Confirm this entry is correct, if not edit accordingly and save the changes:

*WinBootDir=C:\WINDOWS*

Back a the C:\ prompt type:

*attrib +r +h +s c:\msdos.sys*

Press *Enter*, remove the floppy and restart the system.

Zee


----------



## jr6300 (Aug 28, 2005)

Thanx for the reply, but about the time you were posting I had already moved in a different direction.

I had an XP upgrade disk in the desk since early 2001. It came along later as part of the deal w/Dell when I purchased the Win Me system in late 2000. I "never got around to" installing it since I knew by that time so many of my programs would either need upgraded, reinstalled, drivers upgraded, etc.

I figured "what the hey". I went down Friday. I booted from the CD. Even then I didn't think it was going to work when it couldn't find a "qualifying Windows program to upgrade from" & it asked for my Windows Insallation CD which it did recognize. After a couple of reboots making sure it booted from the CD, I managed to get up & running with XP.

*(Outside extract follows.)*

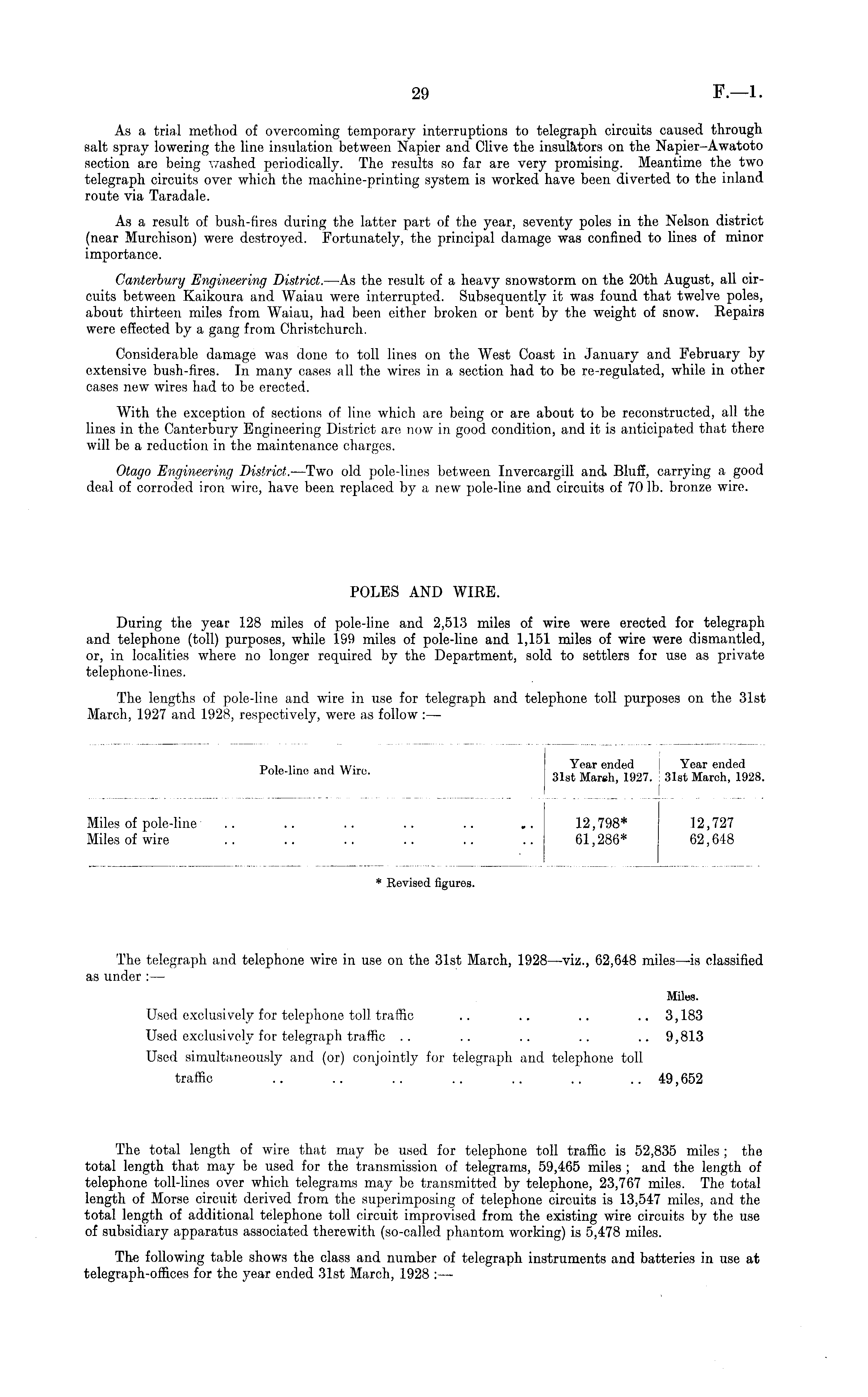 [iles of pole-line lies of wire Pole-line and Wire. Year ended Year ended 31st Marsh, 1927. 31st March, 1928. 12,798* 12,727 61,286* 62,648 * Revisod figures.

BUT, like I figured.........starting to reinstall all my programs along with some updated ones like Office 07 Ultimate, etc. Luckily, a lot of my other program settings & data are being recognized (because they are still there - the ones that didn't store the app data in the Win directory) so I don't have to "recreate the entire wheel".

I did save all my data that wasn't over written in my Windows directory. So not all was lost (but I had most of this backed up anyway).

Maybe one day I'll get my new PC in place after i get this one back "reloaded".


----------